• **RECORD SET**
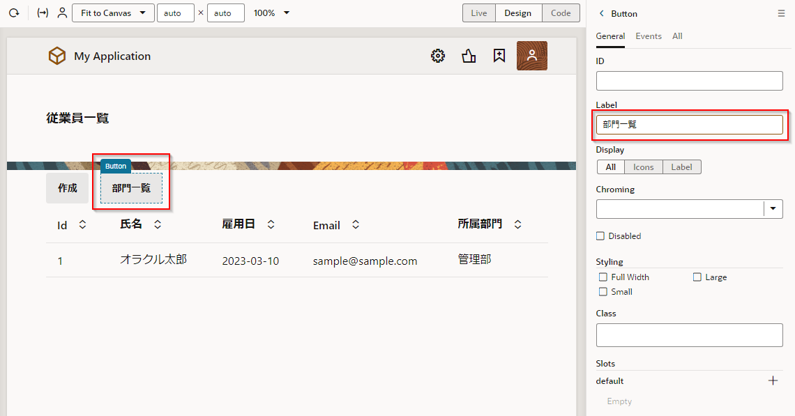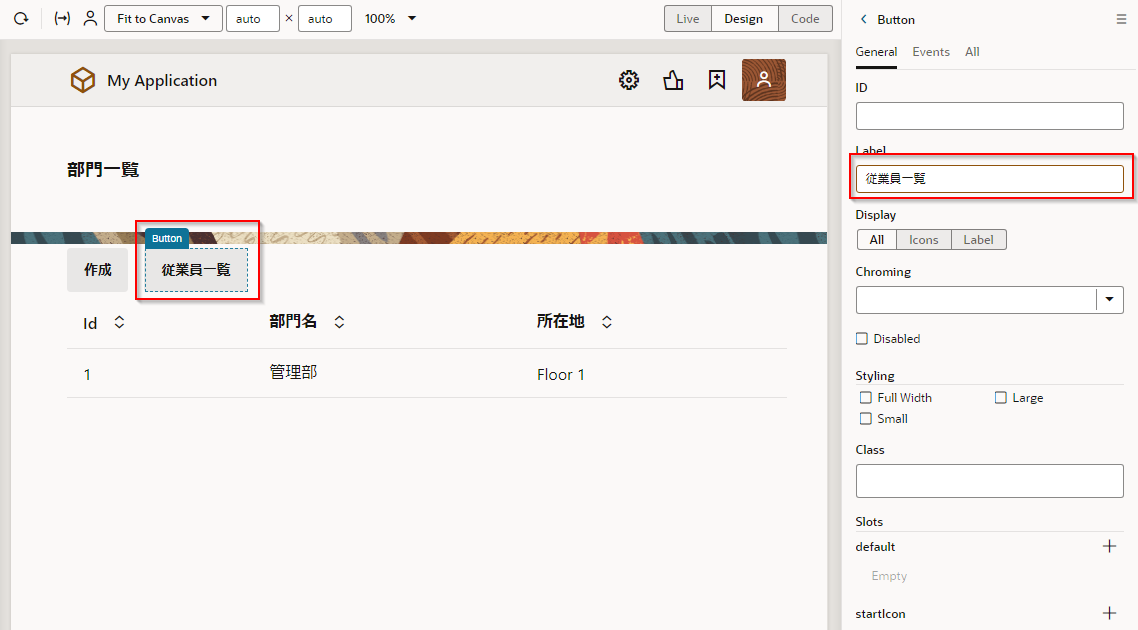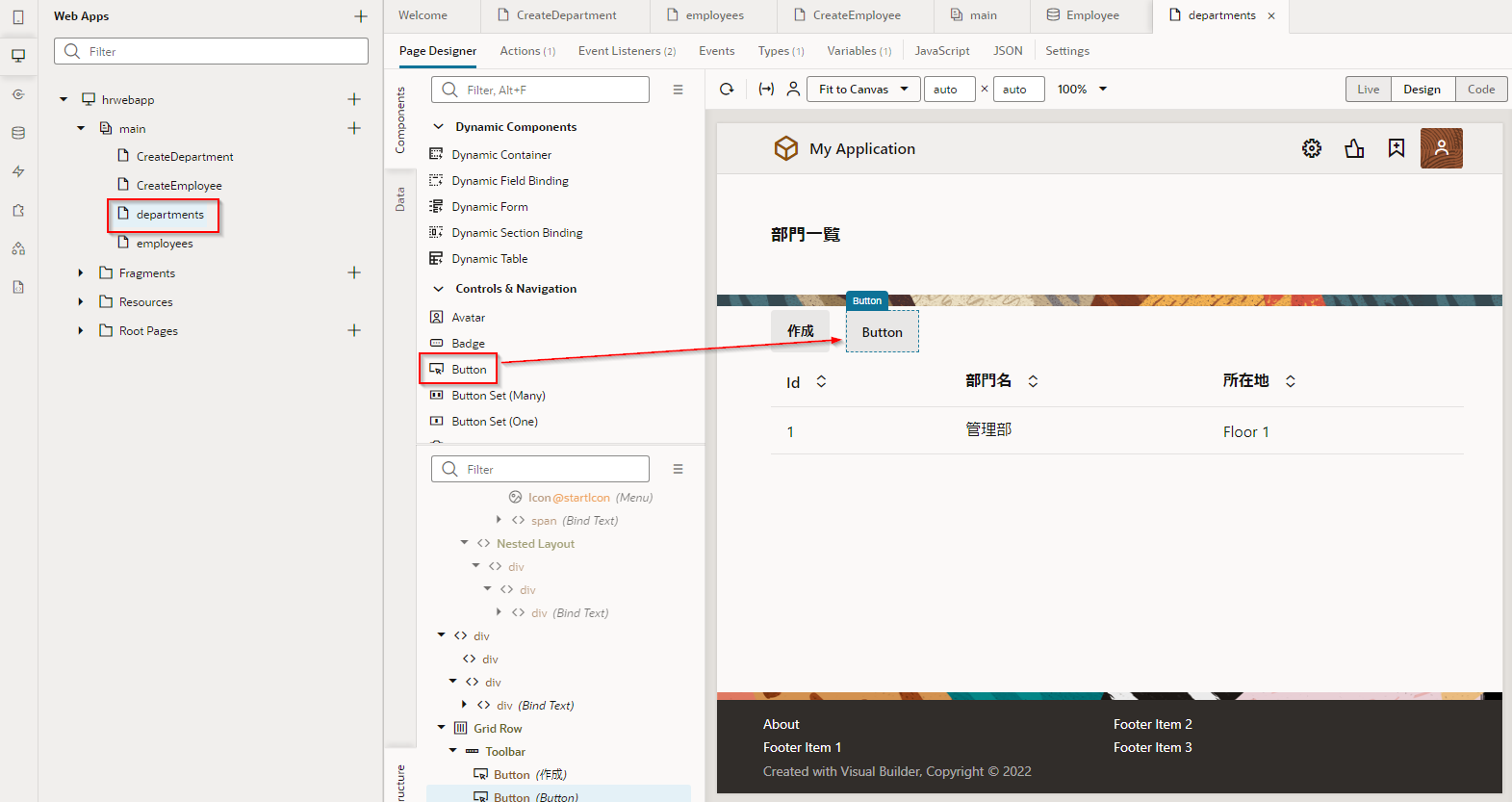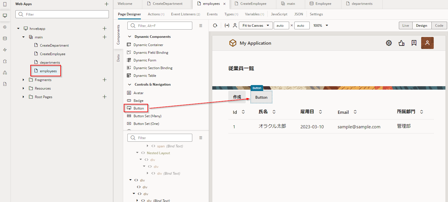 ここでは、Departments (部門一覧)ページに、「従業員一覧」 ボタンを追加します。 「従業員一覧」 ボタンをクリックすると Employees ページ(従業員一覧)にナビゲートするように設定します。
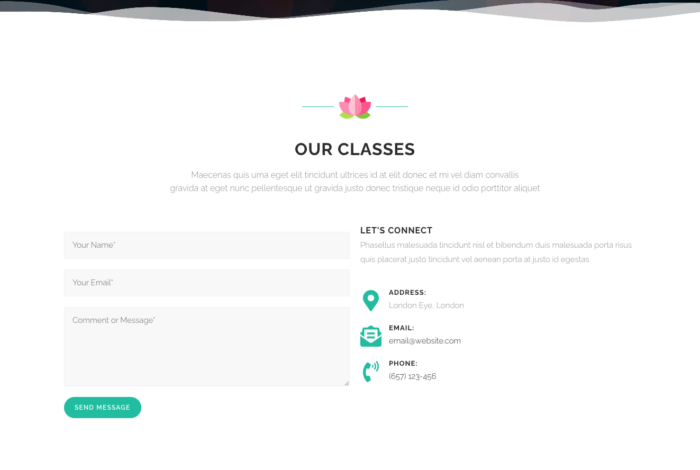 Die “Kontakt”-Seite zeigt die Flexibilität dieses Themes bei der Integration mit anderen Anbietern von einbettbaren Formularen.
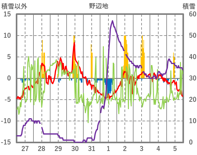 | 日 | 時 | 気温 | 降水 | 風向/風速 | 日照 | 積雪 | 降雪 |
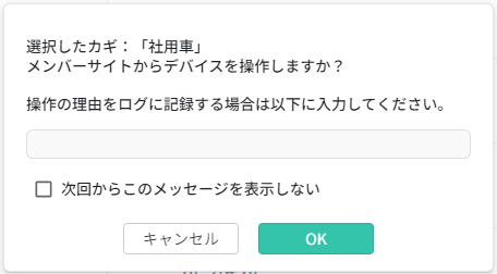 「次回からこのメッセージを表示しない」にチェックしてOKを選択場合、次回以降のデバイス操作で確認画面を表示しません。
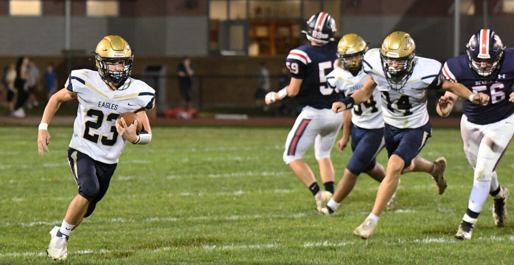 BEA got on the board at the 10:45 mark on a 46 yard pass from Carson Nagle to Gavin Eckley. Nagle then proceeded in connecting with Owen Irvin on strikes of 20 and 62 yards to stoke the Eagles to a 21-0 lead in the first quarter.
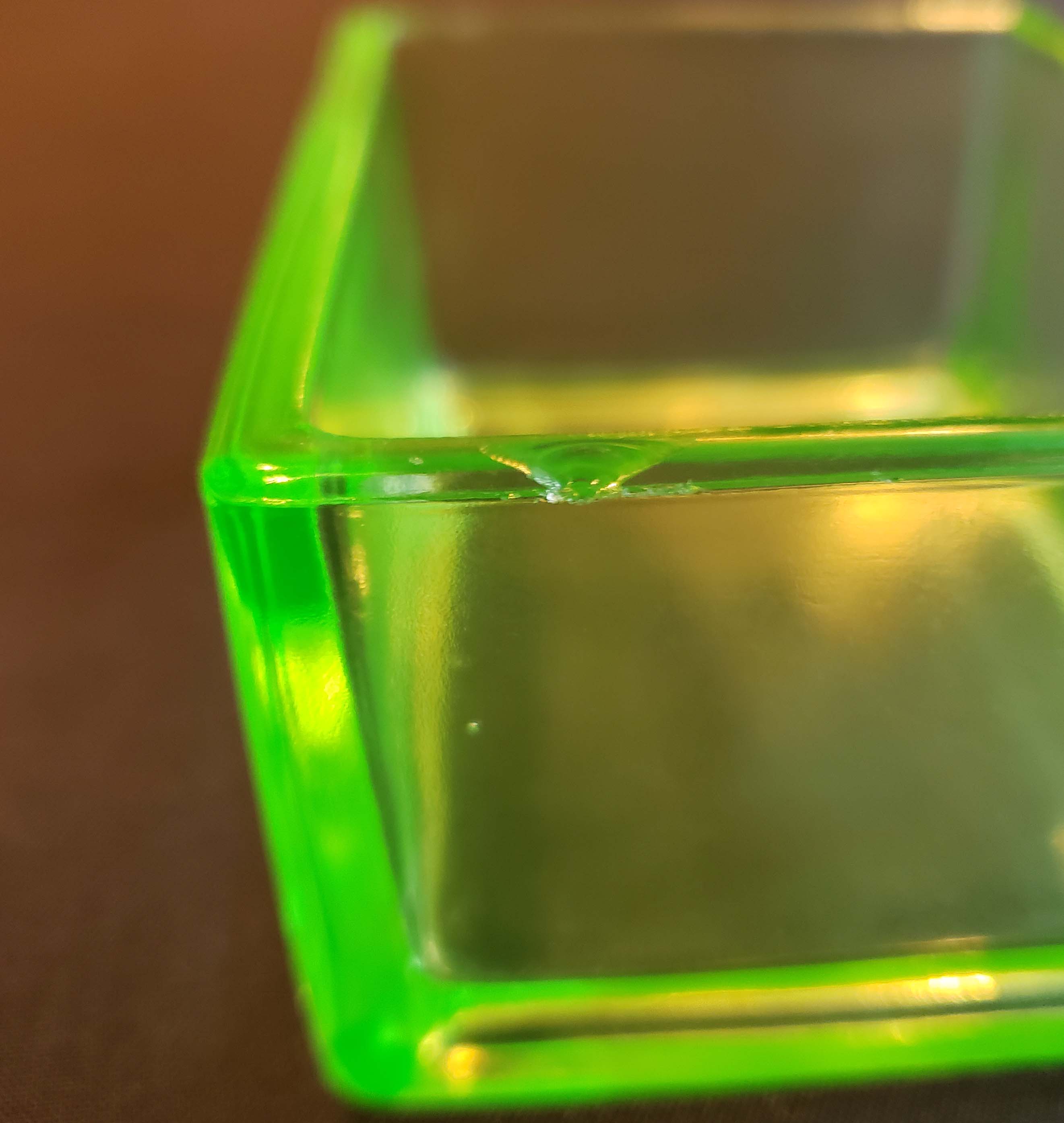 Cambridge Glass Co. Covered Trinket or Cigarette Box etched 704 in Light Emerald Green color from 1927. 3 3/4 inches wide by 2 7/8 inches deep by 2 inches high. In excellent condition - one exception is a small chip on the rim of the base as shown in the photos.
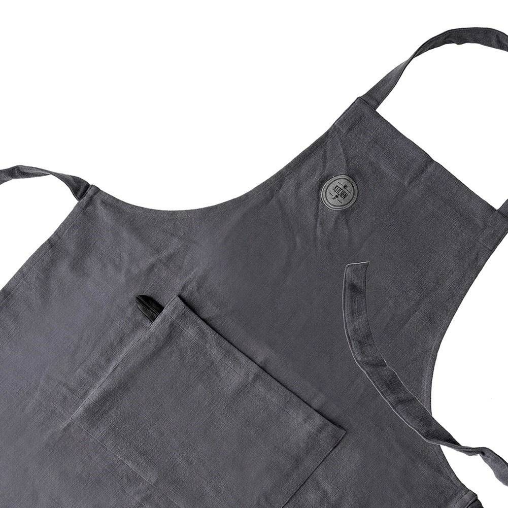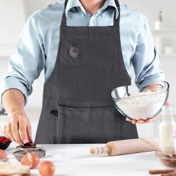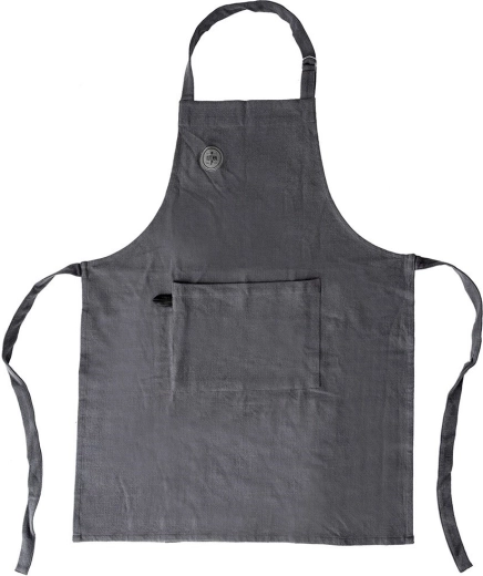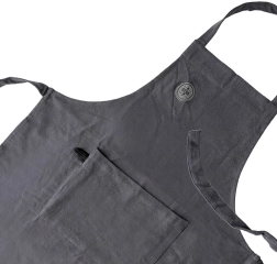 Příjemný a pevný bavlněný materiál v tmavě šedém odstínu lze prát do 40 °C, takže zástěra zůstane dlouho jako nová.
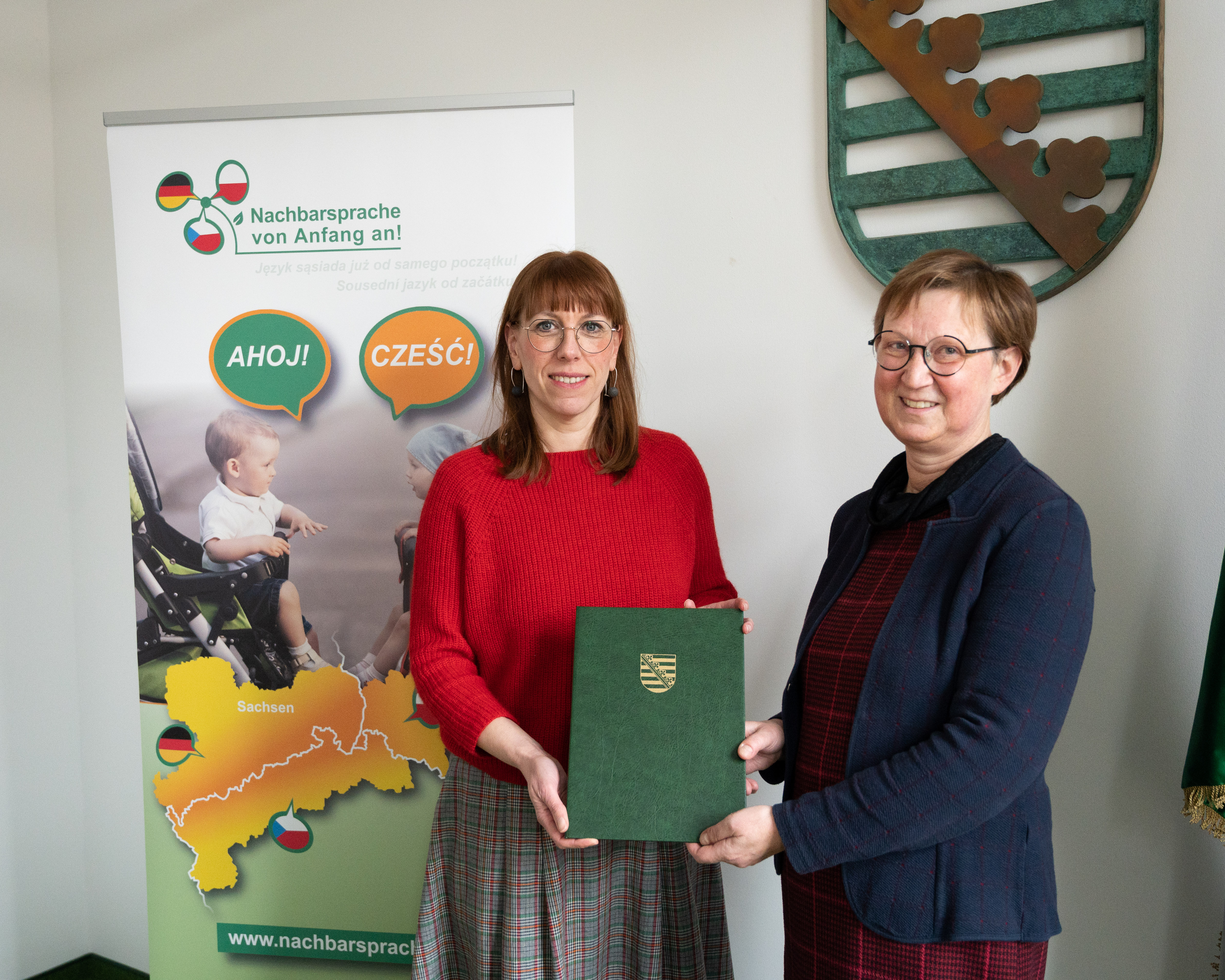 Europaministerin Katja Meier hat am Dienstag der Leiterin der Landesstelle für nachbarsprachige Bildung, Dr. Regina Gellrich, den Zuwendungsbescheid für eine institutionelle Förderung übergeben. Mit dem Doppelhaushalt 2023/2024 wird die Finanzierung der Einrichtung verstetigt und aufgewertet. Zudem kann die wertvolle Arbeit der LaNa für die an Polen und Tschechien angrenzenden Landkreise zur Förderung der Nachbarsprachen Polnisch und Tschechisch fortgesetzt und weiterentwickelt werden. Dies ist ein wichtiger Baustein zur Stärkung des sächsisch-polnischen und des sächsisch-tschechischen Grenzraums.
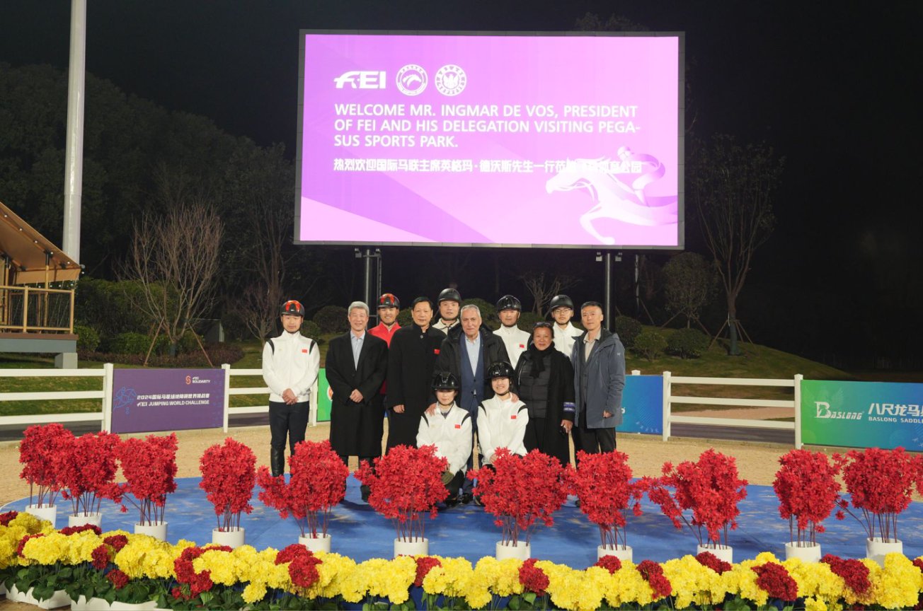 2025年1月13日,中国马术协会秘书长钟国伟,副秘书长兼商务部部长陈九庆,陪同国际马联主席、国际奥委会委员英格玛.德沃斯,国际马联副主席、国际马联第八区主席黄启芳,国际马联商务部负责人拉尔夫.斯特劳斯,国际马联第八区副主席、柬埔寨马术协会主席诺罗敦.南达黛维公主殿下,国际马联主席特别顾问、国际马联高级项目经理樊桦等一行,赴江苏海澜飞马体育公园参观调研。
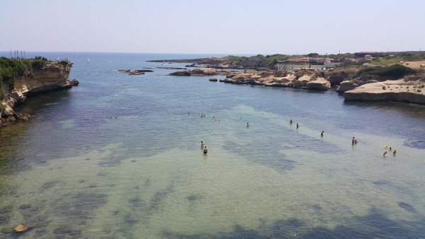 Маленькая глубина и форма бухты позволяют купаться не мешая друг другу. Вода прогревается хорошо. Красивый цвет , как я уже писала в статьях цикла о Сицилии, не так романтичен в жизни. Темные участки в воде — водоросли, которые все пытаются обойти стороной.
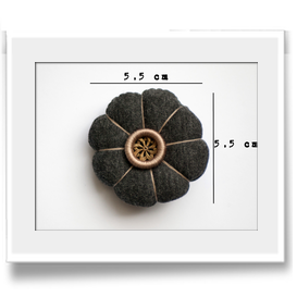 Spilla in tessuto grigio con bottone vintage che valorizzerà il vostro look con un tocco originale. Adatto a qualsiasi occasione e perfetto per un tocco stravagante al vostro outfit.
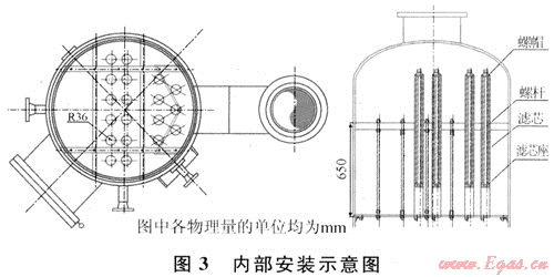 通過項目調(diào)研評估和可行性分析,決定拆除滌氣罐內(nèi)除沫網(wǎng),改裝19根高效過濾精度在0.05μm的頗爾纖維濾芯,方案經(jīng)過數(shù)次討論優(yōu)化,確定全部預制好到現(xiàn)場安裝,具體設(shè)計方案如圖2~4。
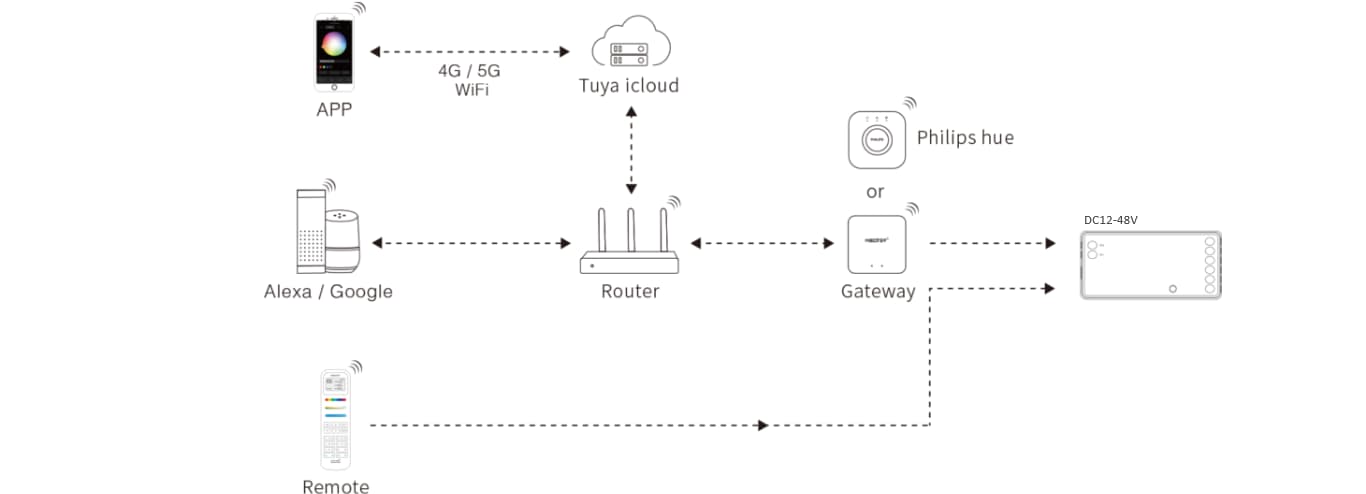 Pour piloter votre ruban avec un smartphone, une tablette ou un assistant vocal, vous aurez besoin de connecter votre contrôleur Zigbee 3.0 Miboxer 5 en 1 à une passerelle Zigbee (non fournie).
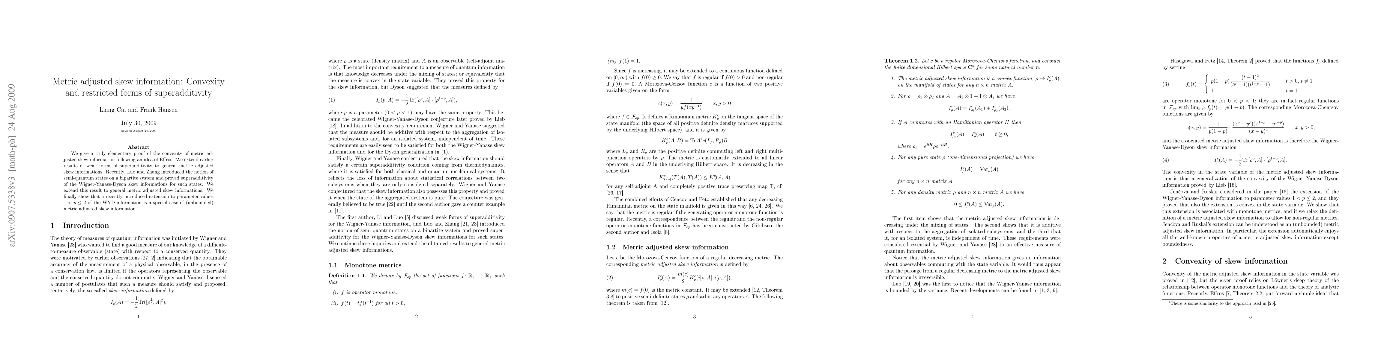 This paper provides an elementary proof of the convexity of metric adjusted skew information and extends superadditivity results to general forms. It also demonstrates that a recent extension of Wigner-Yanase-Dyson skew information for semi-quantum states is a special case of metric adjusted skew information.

• **PROBLEM REQUIREMENTS**
Reproduce only the lines of the records from the start up to and including the line that holds "BEA got on the"; do not carry over any picture.

• **EXPECTED ANSWER**
 ここでは、Departments (部門一覧)ページに、「従業員一覧」 ボタンを追加します。 「従業員一覧」 ボタンをクリックすると Employees ページ(従業員一覧)にナビゲートするように設定します。
 Die “Kontakt”-Seite zeigt die Flexibilität dieses Themes bei der Integration mit anderen Anbietern von einbettbaren Formularen.
 | 日 | 時 | 気温 | 降水 | 風向/風速 | 日照 | 積雪 | 降雪 |
 「次回からこのメッセージを表示しない」にチェックしてOKを選択場合、次回以降のデバイス操作で確認画面を表示しません。
 BEA got on the board at the 10:45 mark on a 46 yard pass from Carson Nagle to Gavin Eckley. Nagle then proceeded in connecting with Owen Irvin on strikes of 20 and 62 yards to stoke the Eagles to a 21-0 lead in the first quarter.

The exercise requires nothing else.